I like to think of Pasta alla Zozzona as a child of the big 4, more specifically the offspring of carbonara and amatriciana with a sausage thrown into the mix.
While the Roman pastas are known for their simplicity, the sausage in Zozzona adds a bit of complexity and the combination of the egg and tomato yields an incredibly rich and creamy sauce whose taste is anything but simple.
Recipe Ingredients
All ingredients for this recipe are shown in the pic below and special notes are made in this bulleted list to assist you.

- Pasta. I prefer to use rigatoni or paccheri for pasta alla zozzona but you can definitely use ziti or penne too. I find the shape of the tubular pastas are best for this sauce, but feel free to use long pasta if that’s what’s available to you.
- Eggs. Fresh eggs are an essential ingredient in pasta zozzona. Use the best quality eggs you can find.
- Pork. Traditionally, this dish is made with guanciale, but you can also use pancetta if that’s all you have access to. Zozzona also includes Italian sausage. Bulk sausage will save you prep time, but if you can’t find it, buy the sausage links and simply remove the sausage from the casing by cutting a slit in the sausage.

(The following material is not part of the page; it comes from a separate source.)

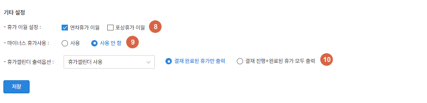⑨ 마이너스 휴가사용 여부를 설정할 수 있습니다.

- Cheese. The Roman pastas all use Pecorino Romano, a salty sheep’s milk based cheese.
- Tomato. I prefer to use passata (pureed tomato) for zozzona because of its smooth texture.

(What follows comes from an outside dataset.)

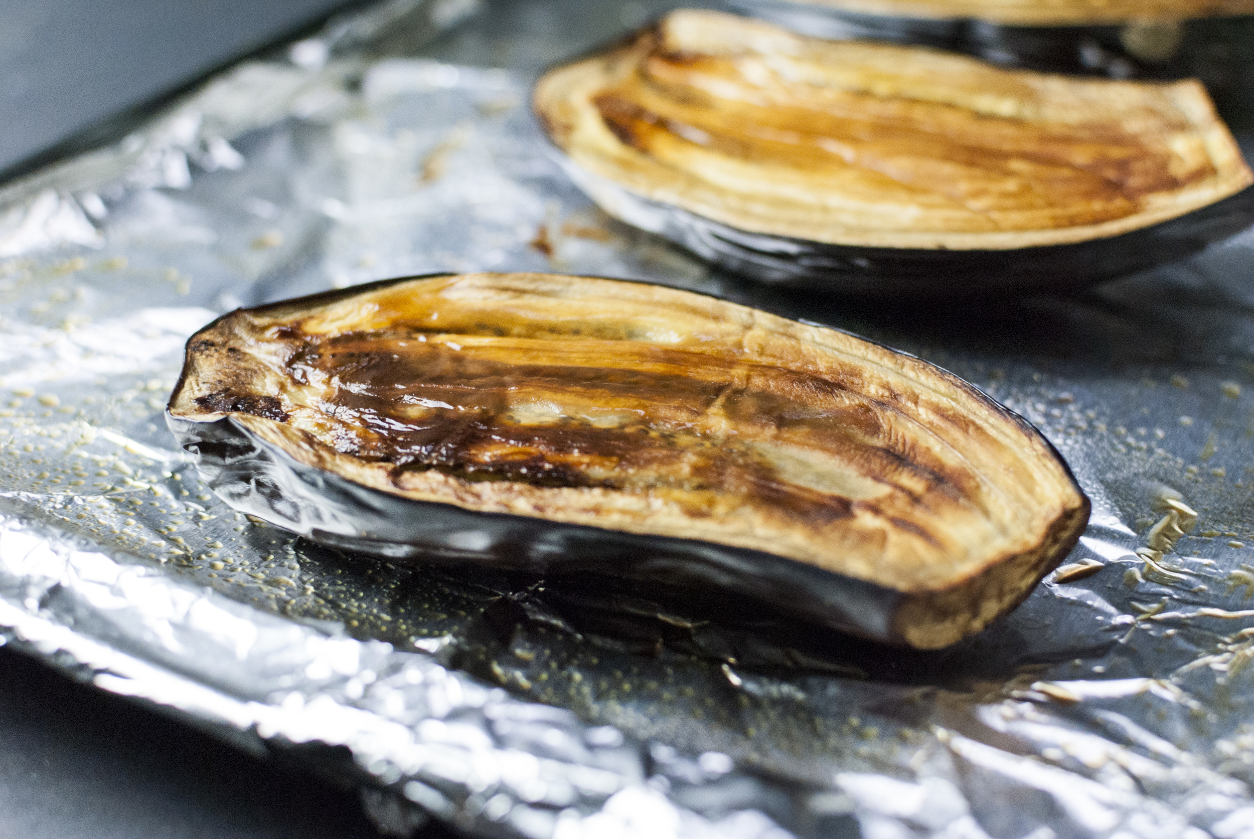 Preheat oven to 350°F. Cover a baking sheet in aluminum foil then lightly oil the surface. Roast the eggplant on the baking sheet skin side up for about 2 hours or until the flesh of the eggplant is very tender.

See the recipe card for full information on ingredients and quantities.
How to make it
Each number corresponds to the numbered written steps below.

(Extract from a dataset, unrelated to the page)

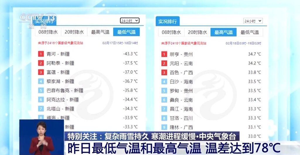 中央气象台发布的气温实况显示:2月17日15时至18日14时的最低气温在新疆青河,为-43.3℃。而18日3时至19日2时记录到的最高气温在贵州册亨,为34.7℃。也就是说,昨天最冷和最热温差达到78℃。

- Bring a large pot of salted water to boil and heat a large pan to medium heat. Saute the guanciale or pancetta until most of the fat has rendered, then transfer it to a plate and set aside, leaving the fat in the pan.
- Add the sausage to the same pan and turn the heat to medium-high. Once the sausage starts to brown, use a wooden spoon or meat masher to break it up.

- Add the onion and continue to cook for a few minutes until the sausage is cooked through and the onions are translucent.
- Add the crushed red pepper and saute for 30 seconds, then add the white wine and cook until it reduces by half.
- Add the passata to the pan and bring to a simmer, stirring occasionally. Turn the heat to medium-low and let the sauce cook uncovered while boiling the pasta.
- Add the pasta to the salted water and cook until 1 minute less than al dente taking care to reserve at least 1 cup of pasta water. In a bowl, beat together the egg and egg yolks with the Pecorino Romano and a good amount of black pepper to form a paste and set aside. Add the pasta to the sauce and cook until the pasta reaches al dente, about 1 minute. Stir well to ensure the pasta is coated with the sauce.

- Remove the pan from the heat and add the egg mixture, tossing to coat. Add a splash of pasta water if it’s too dry.
- Taste test and adjust salt and pepper if needed. Serve in bowls topped with the crispy pancetta or guanciale and more Pecorino. Enjoy!
Top tips
- Egg mixture. Be sure to add the egg mixture after the pan has been removed from the heat. The residual heat of the pasta will gently cook the eggs.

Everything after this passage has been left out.